Ball continues: “Quantum mechanics is powerless to stop it, because it contains in itself no prescription for shutting down the spread of entanglement… This spreading is the very thing that destroys the manifestation of a superposition in the original quantum system… we can no longer ‘see’ [it] just by looking at the little part of it… What we understand to be decoherence is not actually a loss of superposition but a loss of our ability to detect it in the original system.” This is starting to sound a bit like what we see even in classical thermodynamics. A temperature differential induces heat-flow, essentially a one-way street. Entropy rears its head. You haven’t lost any energy, but you’ve spread it out in such a way that it’s highly improbable you will collect it all back in one ‘place’ so you’ve effectively lost it from the system to the environment.

 

If the nonlocality of quantum mechanics spreads itself everywhere, why do we experience profound locality and distinctiveness in classical objects. The crux has to do with making a measurement. Ball writes: “A measuring device must always have some macroscopic element with which we can interact: a pointer or a display, big enough to see, say.” Decoherence must take place in this interaction and essentially “imprints information about an object onto its environment. A measurement on that object then amounts to harvesting this information from its environment.” It’s what happens when we ‘see’ an object. Our “retinas are responding to the photons of light that have bounced off it.”

 

But beyond weird, decoherence “creates a kind of ‘replica’ of the object… that eventually produces a reading in our classical measuring apparatus”. I sense echoes of Command Copy. Repeated over and over again. Ball writes that “some quantum states are better than others at generating replicas… These are the states we tend to measure, and are the ones that ultimately produce a unique classical signature from the underlying quantum palette. You could say that it’s only the ‘fittest’ states that survive the measurement process, because they are best at replicating copies in the environment that a measuring device can detect. The physicist Wojciech Zurek has dubbed this “quantum Darwinism”. I’m reminded of the notion that perhaps it’s not mathematics all the way down, but biology at every level!

 

It turns out that the position of an object is particularly well suited for this decoherence replica-generating thingamajig.

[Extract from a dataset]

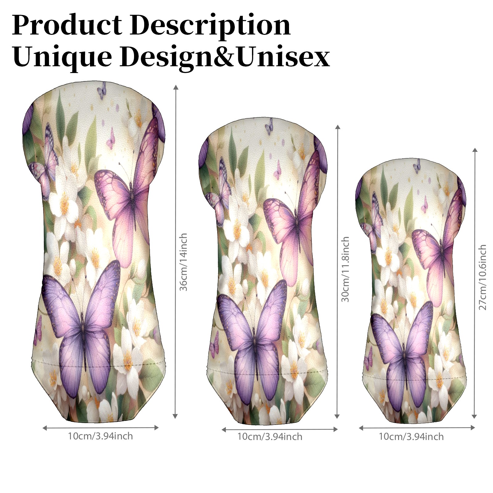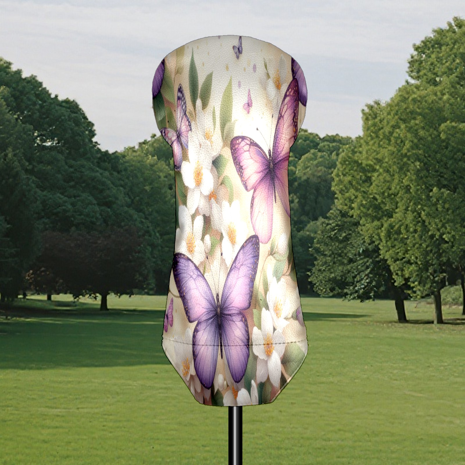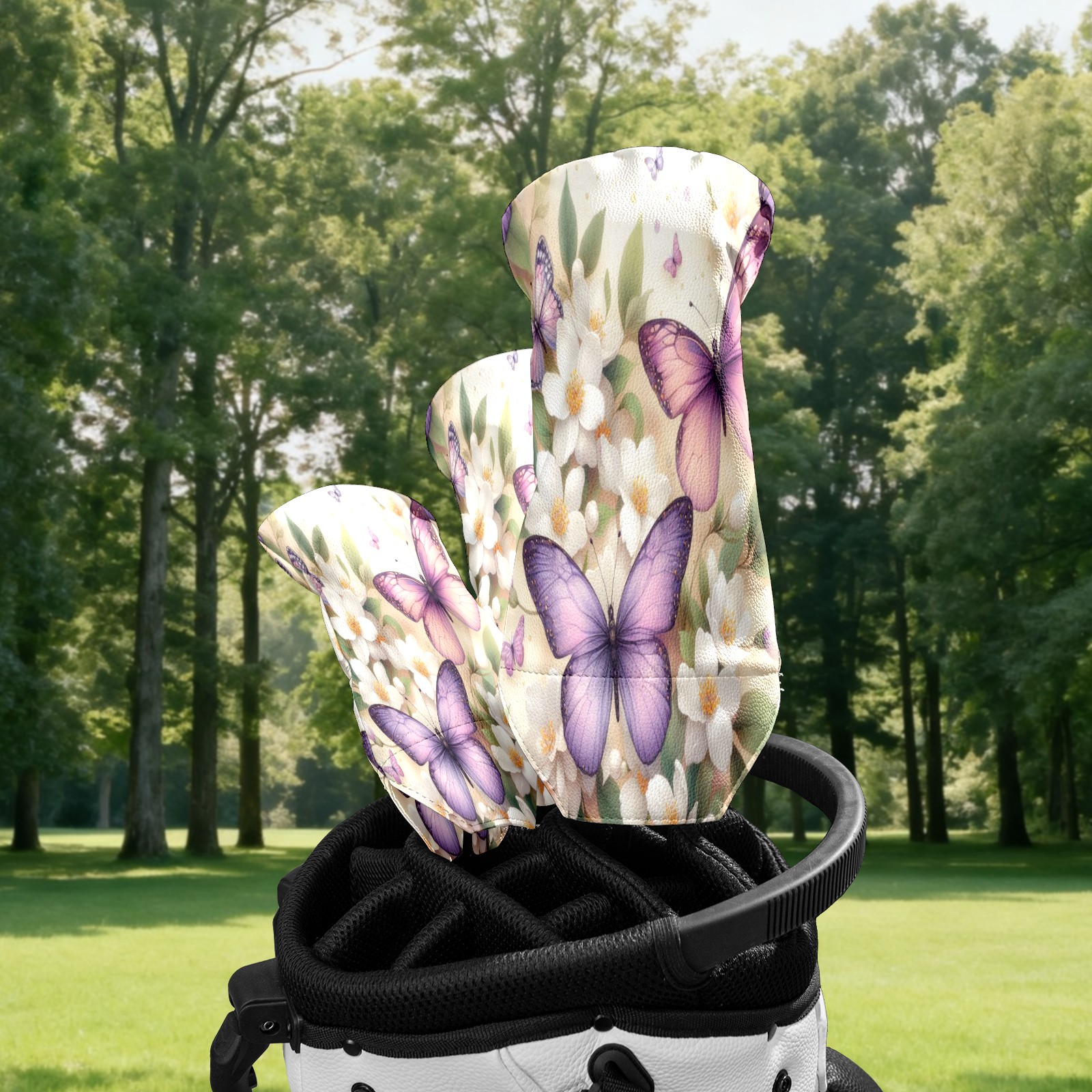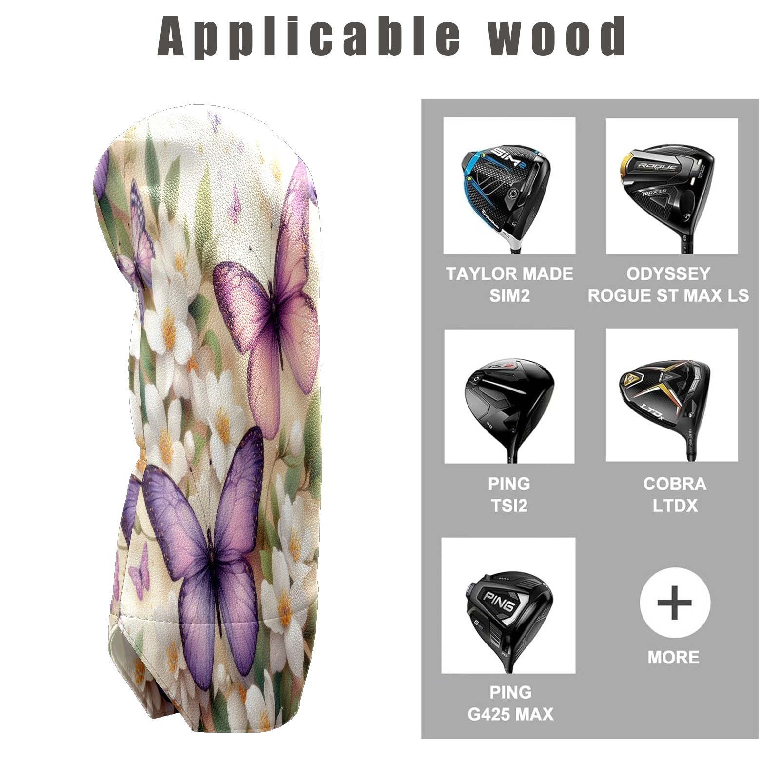 Golf Club Head Cover Waterproof Leather for Driver & Fairway Wood, Driver Headcovers, Golf Accessories for Men Women, Anti-Scratch, Golf Gift for Golfers, 1/3/5 Wood Cover Purple Butterfly Flower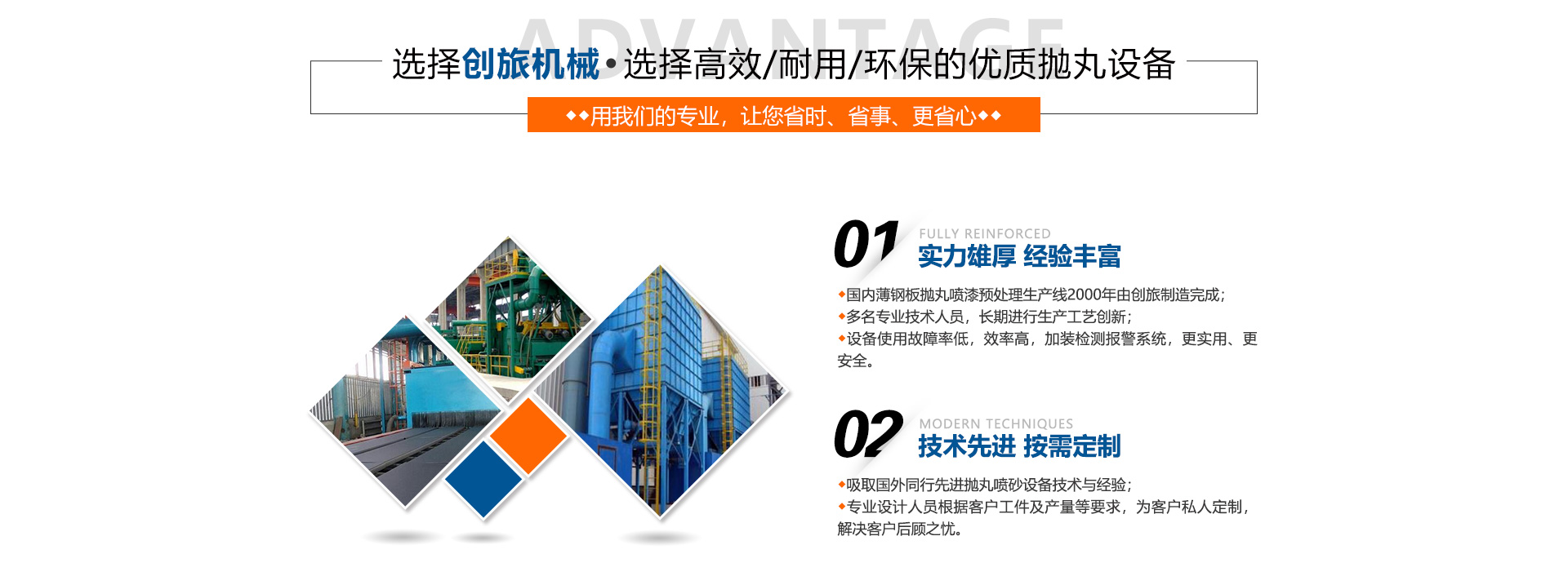 合肥市創(chuàng)旅機械有限公司是專業(yè)的噴砂房、拋丸機生產廠家,生產不同型號不同價格的江蘇拋丸機、江蘇 噴砂房、除銹機、拋丸清理機械、自動噴砂機械、通風除塵設備、砂處理成套設備、鋼丸及各種耐磨合金 件的大型專業(yè)化制造企業(yè)。 我公司愿與各行各業(yè)的朋友交往與合作,使您的產品更光彩! 產品有:鋼板預處理生產線,噴砂房,噴砂機械,噴砂設備,拋丸機,拋丸清理機,混砂機,噴丸機 ,拋 噴丸機,履帶式拋丸清理機,鋼板除銹機,鋼材除銹機,板...

Ball explains: [it’s] because those interactions tend to depend on the distance between the object and elements of its environment, such as other atoms or photons: the closer they are, the stronger the interaction. So interactions ‘record’ position very efficiently. The corollary is that decoherence of position states tends to happen very quickly, because pretty much any scattering of photons from an object carries away positional information into the environment. And so it is really hard to ‘see’ large-ish objects being in ‘two places at once’… The states we can measure are the ones that are most easily found out.”

 

And if all that wasn’t mind-blowing enough: “when we measure a property of a quantum system by probing its ‘replica’ in the environment, we destroy that replica (by entangling it with the measurement apparatus).” This implies that “too much measurement will ultimately make the state seem to vanish.” That’s what makes it hard to make measurements on very, very, very small objects. We perturb it into another state. Ball writes: “Take a peek and you’ve used up all the information that was available about it. Subsequent measurements may then have a different outcome.” This sounds like what we see when we observe beyond weird quantum behavior. Thus we are limited when trying to extract information from a quantum system.

 

There’s more, but I have to stop here. My mind is swimming in decoherence and I’m likely to soon spout nonsense, so I’ll stop before the spread reaches my fingers and my keyboard.